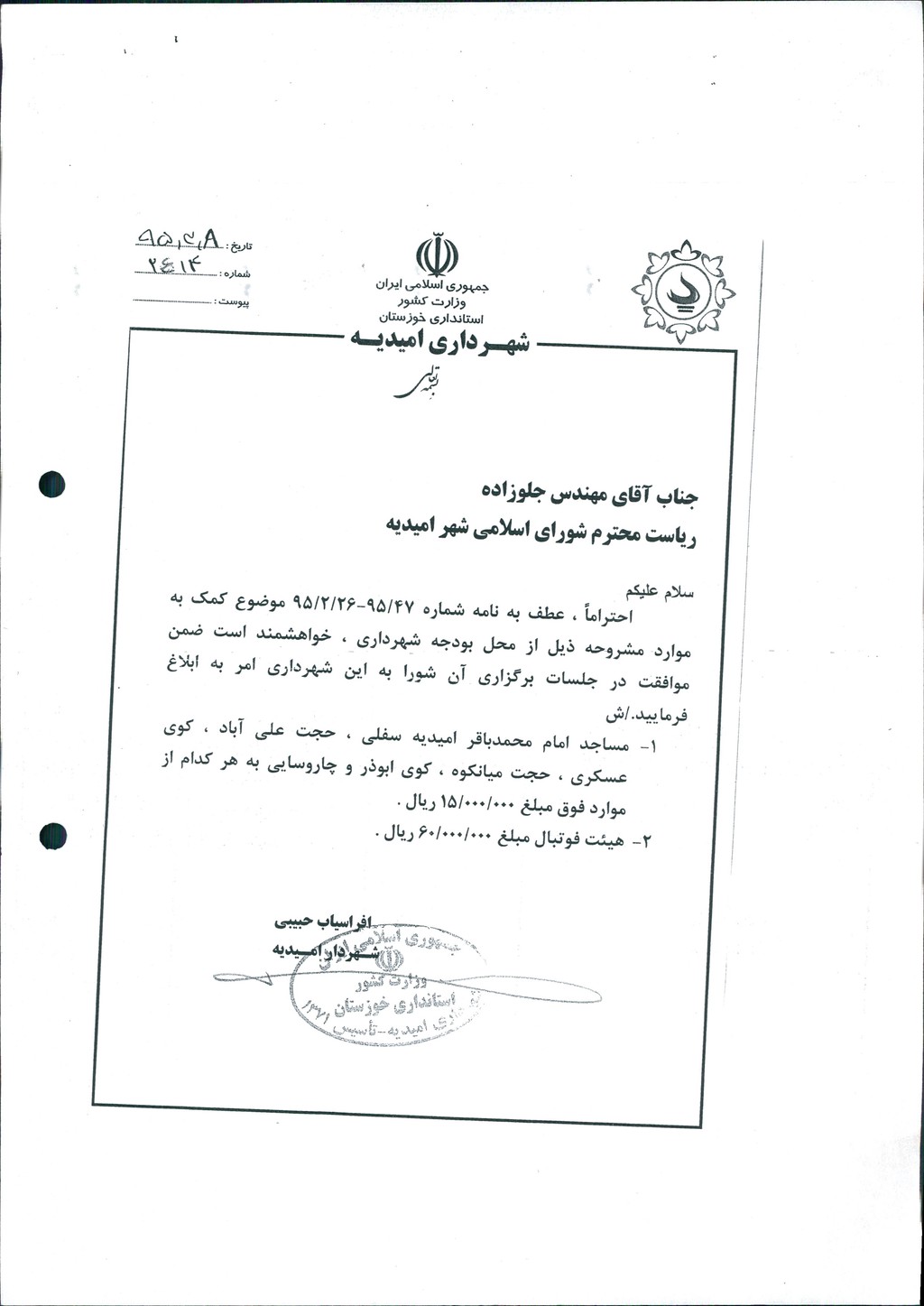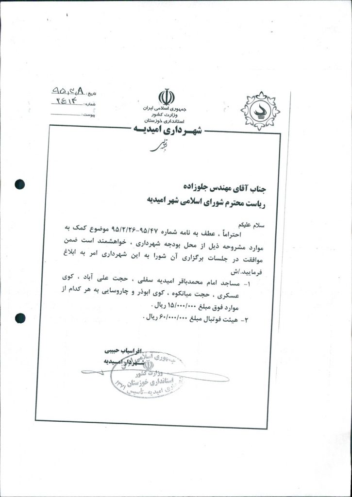 نامه شماره فوق شهرداری مبنی برمساعدت مالی به مبلغ ۱۵۰۰۰۰۰۰ ريال به مساجدامام محمدباقر(ع) / حجت علی آباد / کوی عسکری / حجت میانکوه/کوی ابوذر و مسجد چاروسایی، همچنین مساعدت مالی به مبلغ ۶۰۰۰۰۰۰۰ ريال به هیئت فوتبال جهت کمک به تیم های ورزشی وحدت و مقاومت در جلسه مطرح و پس از بحث و بررسی با مجموع آراء ذیل مصوب گردید%
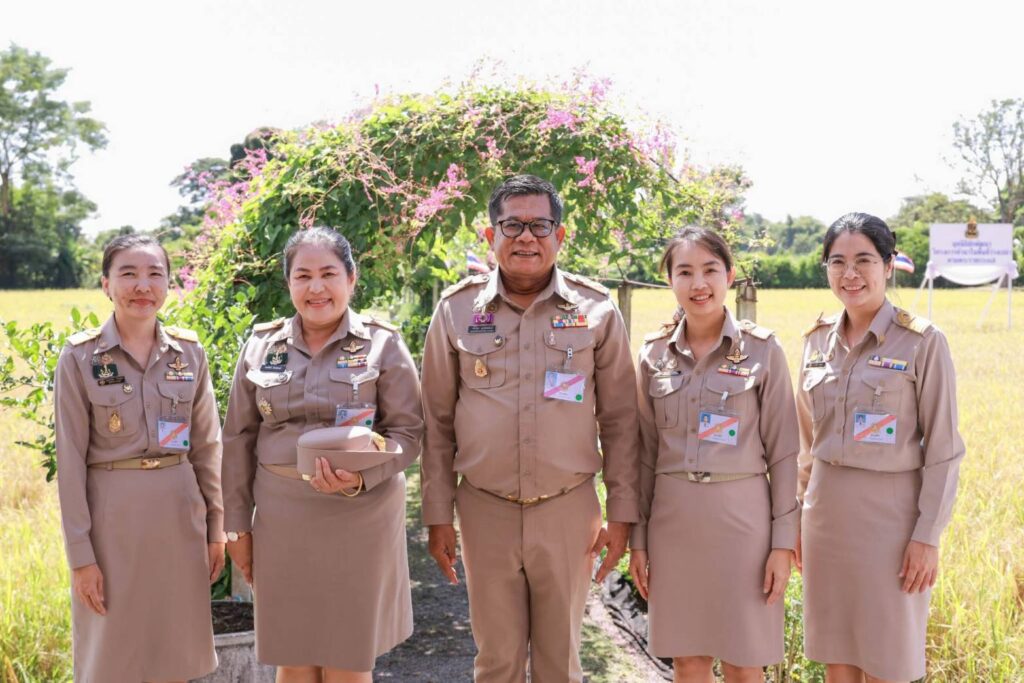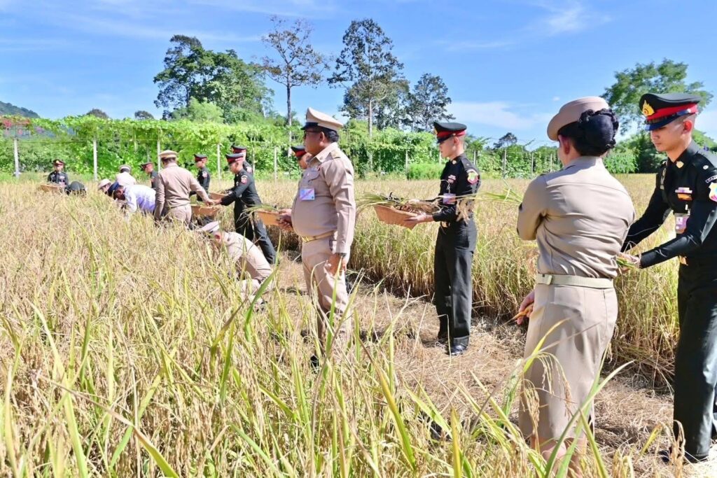 ในการนี้ รองอธิบดีกรมส่งเสริมการเกษตรได้ลงแปลงสาธิตการเกษตร เกี่ยวข้าวพันธ์ุ กข 99 ร่วมกับนักเรียนนายร้อย โรงเรียนนายร้อยพระจุลจอมเกล้า
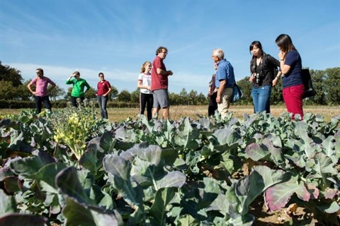| Le journaliste Douwe Korting informe les consommateurs locaux de l'état des champs de légumes de la ferme collective de Boxtel. |
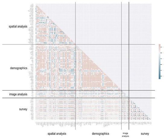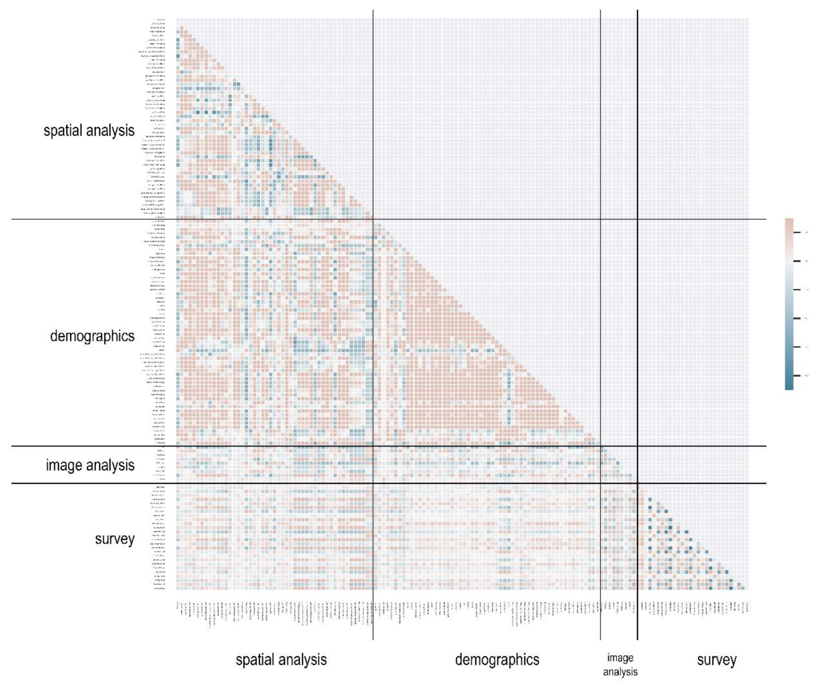 Correlation matrix of GIS data, demographics, image analysis and survey results. The figure is to be read based on colour; bright red and blue colours indicate strong positive (red) or negative (blue) correlations. Muted colours indicate weak correlations. For a detailed list of the spatial and demographic metrics used, please see Appendix A, Table A1.
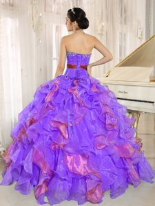 Customize Two-toned Ruffled Quince Dresses with Beading and Sash

|---|

▶ **What you should do**: Please return the full listing word for word, but without any pictures.

▶ **Result of this exercise**:
 نامه شماره فوق شهرداری مبنی برمساعدت مالی به مبلغ ۱۵۰۰۰۰۰۰ ريال به مساجدامام محمدباقر(ع) / حجت علی آباد / کوی عسکری / حجت میانکوه/کوی ابوذر و مسجد چاروسایی، همچنین مساعدت مالی به مبلغ ۶۰۰۰۰۰۰۰ ريال به هیئت فوتبال جهت کمک به تیم های ورزشی وحدت و مقاومت در جلسه مطرح و پس از بحث و بررسی با مجموع آراء ذیل مصوب گردید%
 ในการนี้ รองอธิบดีกรมส่งเสริมการเกษตรได้ลงแปลงสาธิตการเกษตร เกี่ยวข้าวพันธ์ุ กข 99 ร่วมกับนักเรียนนายร้อย โรงเรียนนายร้อยพระจุลจอมเกล้า
| Le journaliste Douwe Korting informe les consommateurs locaux de l'état des champs de légumes de la ferme collective de Boxtel. |
 Correlation matrix of GIS data, demographics, image analysis and survey results. The figure is to be read based on colour; bright red and blue colours indicate strong positive (red) or negative (blue) correlations. Muted colours indicate weak correlations. For a detailed list of the spatial and demographic metrics used, please see Appendix A, Table A1.
 Customize Two-toned Ruffled Quince Dresses with Beading and Sash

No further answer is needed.